◆ Your assignment: For each entry below, copy the text exactly and leave out any picture.

◆ The records:
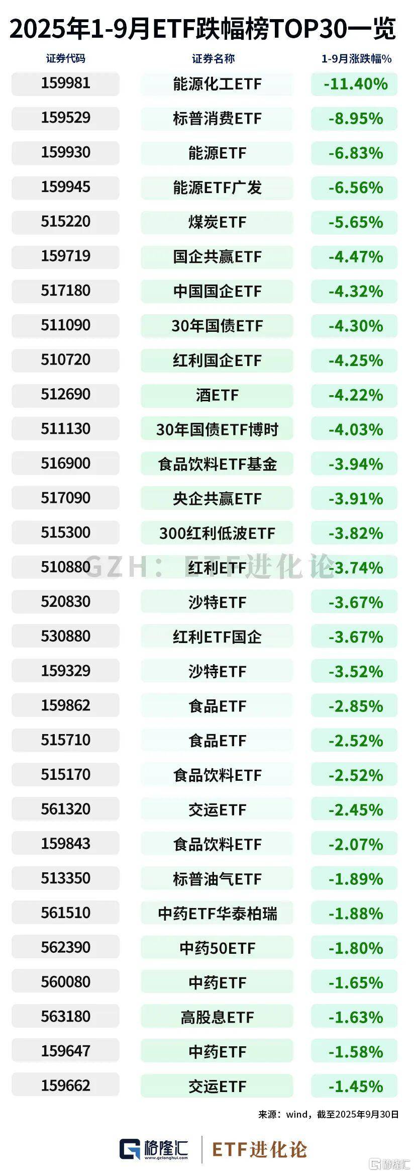 银行ETF、金融ETF、红利ETF三季度跌幅居前;能源ETF、煤炭ETF、酒ETF年内跌幅居前。
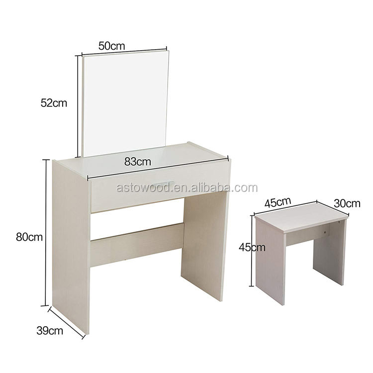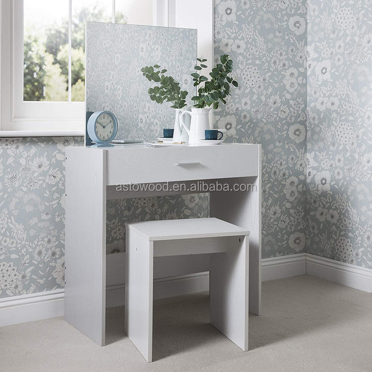 Moderna toletta MFC per il trucco con specchio e sgabello per la camera da letto delle ragazze in pannello di legno
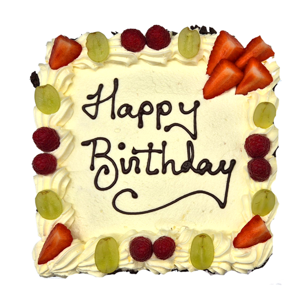 Savour the perfect harmony of sweetness and freshness with Buckley’s Fresh Fruit & Cream Cake. Choose between vanilla or chocolate sponge, paired with cream or buttercream fillings, and select from square or round sizes to suit any occasion. Each cake is a work of art, adorned with chocolate shavings along the sides and topped with a lavish array of fresh fruit and cream.
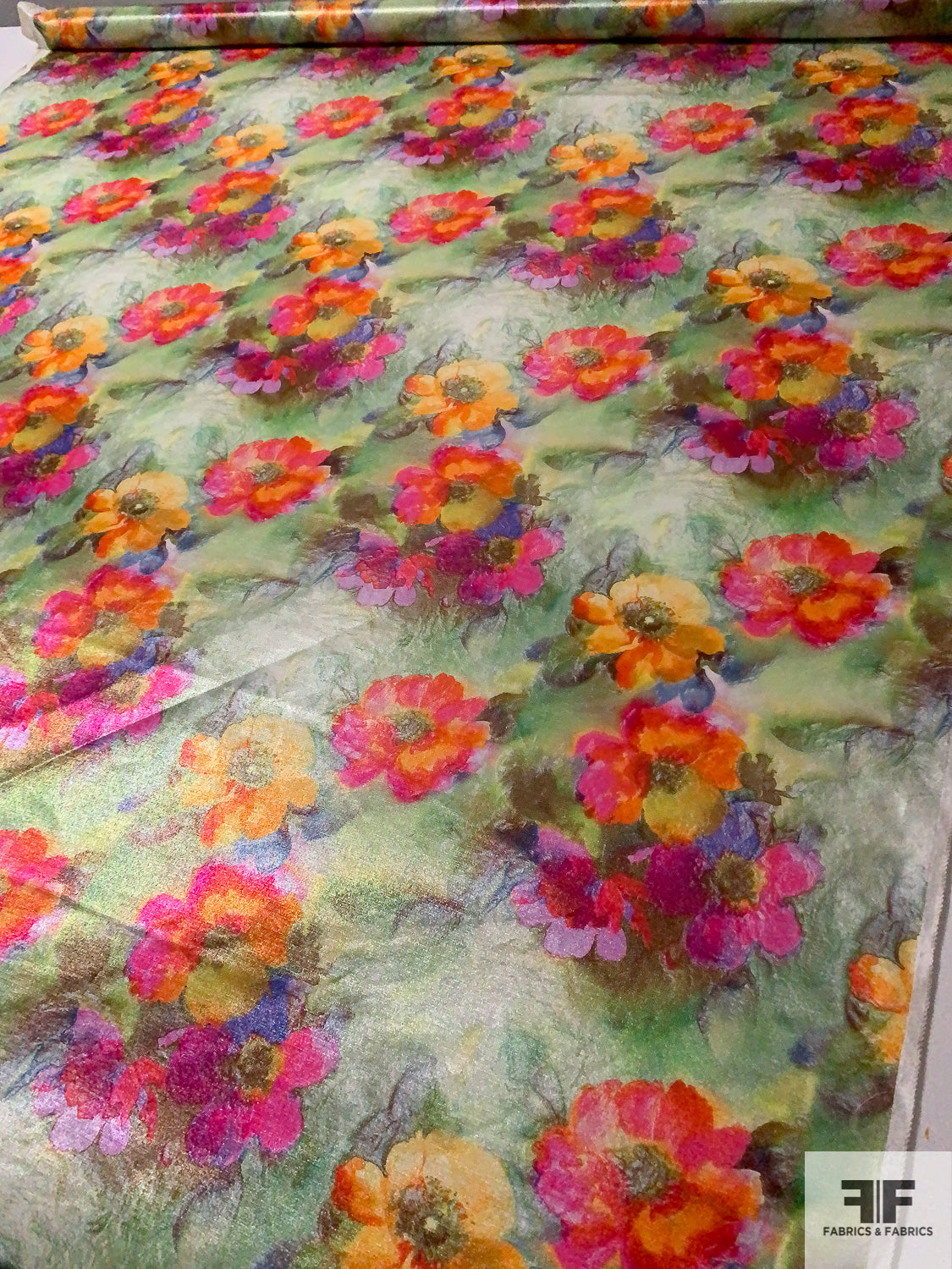 Italian Prabal Gurung Printed Floral Realism Rayon Blend Satin Face Organza with Shimmer Finish - Green / Multicolor
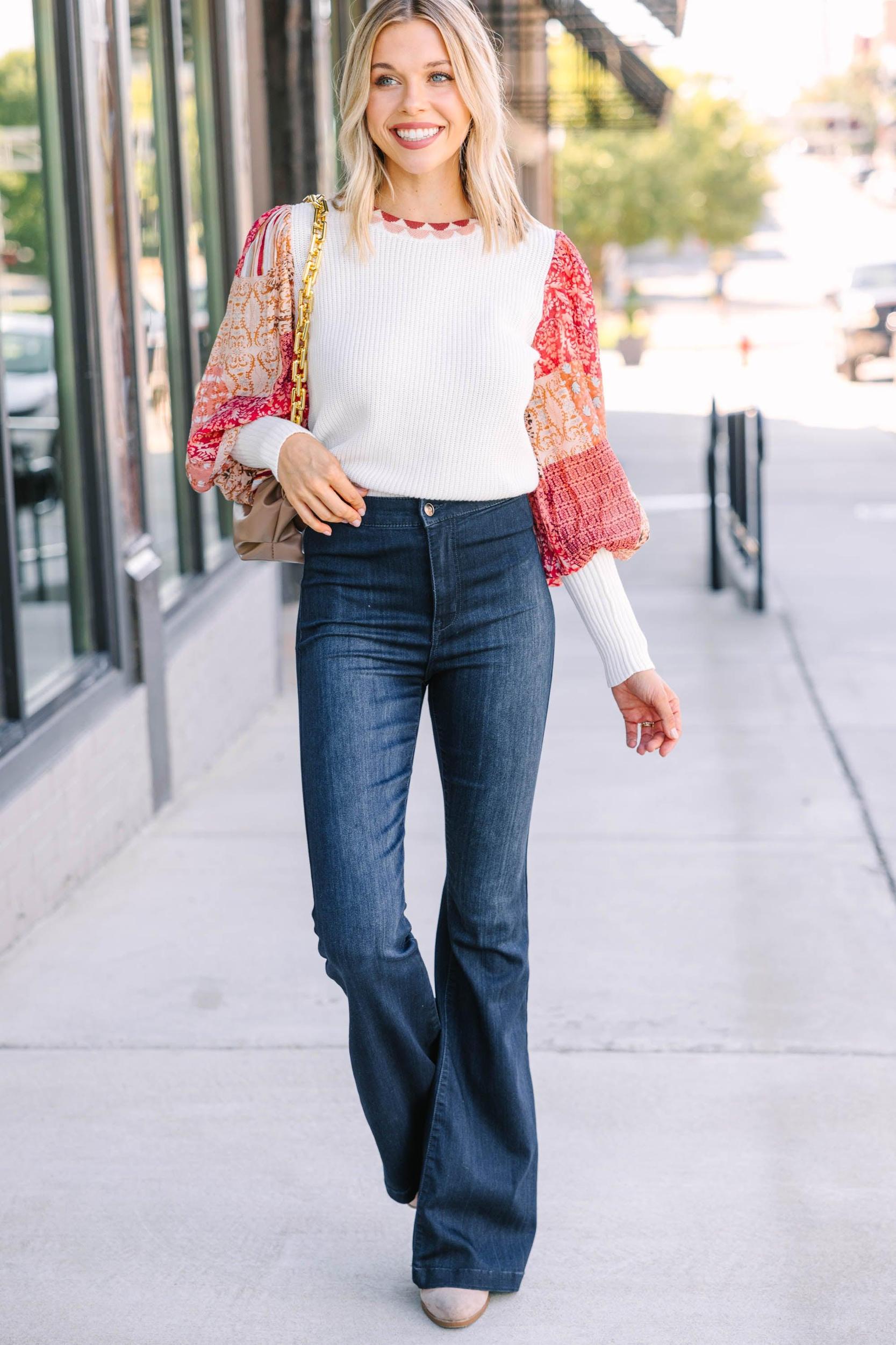 This sweater is going to be the start of so many memories! Those dramatic printed bubble sleeves absolutely fabulous! The really take this sweater to the next level! Plus, the sleeves are fully lined so they aren't sheer and they will still keep you cozy and warm! This sweater is going to look amazing with dark or light wash jeans this fall! This sweater features long bubble sleeves with a fun abstract print and long ribbed cuffs, a round neckline with scalloped detail, and knit fabric. Material has a fair amount of stretch.Cam is wearing the small.
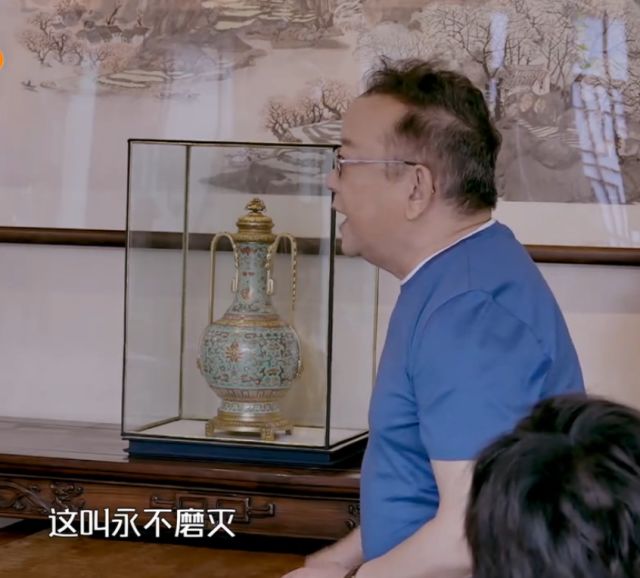 据说自从演了和珅后,王刚最喜欢的收藏就是清朝康熙乾隆年间之物,以青花瓷居多。这个从节目中也得到印证。王刚带着徒弟们进到他的书房,映入眼帘的是各种古董收藏品,两个架子上都是王刚收藏的瓷器花瓶,还有各种字画,趁着古典风十足的落地灯,相当古香古色。
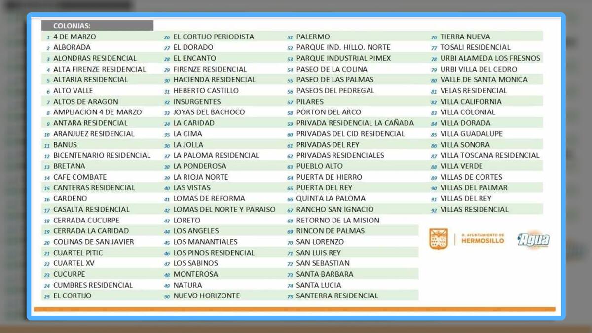 HERMOSILLO, Sonora.- Un total de 92 colonias del norte de la ciudad se verán afectadas este 5 de noviembre en el suministro de agua por obra, informaron autoridades de Agua de Hermosillo (Aguah).

◆ Answer below:
 银行ETF、金融ETF、红利ETF三季度跌幅居前;能源ETF、煤炭ETF、酒ETF年内跌幅居前。
 Moderna toletta MFC per il trucco con specchio e sgabello per la camera da letto delle ragazze in pannello di legno
 Savour the perfect harmony of sweetness and freshness with Buckley’s Fresh Fruit & Cream Cake. Choose between vanilla or chocolate sponge, paired with cream or buttercream fillings, and select from square or round sizes to suit any occasion. Each cake is a work of art, adorned with chocolate shavings along the sides and topped with a lavish array of fresh fruit and cream.
 Italian Prabal Gurung Printed Floral Realism Rayon Blend Satin Face Organza with Shimmer Finish - Green / Multicolor
 This sweater is going to be the start of so many memories! Those dramatic printed bubble sleeves absolutely fabulous! The really take this sweater to the next level! Plus, the sleeves are fully lined so they aren't sheer and they will still keep you cozy and warm! This sweater is going to look amazing with dark or light wash jeans this fall! This sweater features long bubble sleeves with a fun abstract print and long ribbed cuffs, a round neckline with scalloped detail, and knit fabric. Material has a fair amount of stretch.Cam is wearing the small.
 据说自从演了和珅后,王刚最喜欢的收藏就是清朝康熙乾隆年间之物,以青花瓷居多。这个从节目中也得到印证。王刚带着徒弟们进到他的书房,映入眼帘的是各种古董收藏品,两个架子上都是王刚收藏的瓷器花瓶,还有各种字画,趁着古典风十足的落地灯,相当古香古色。
 HERMOSILLO, Sonora.- Un total de 92 colonias del norte de la ciudad se verán afectadas este 5 de noviembre en el suministro de agua por obra, informaron autoridades de Agua de Hermosillo (Aguah).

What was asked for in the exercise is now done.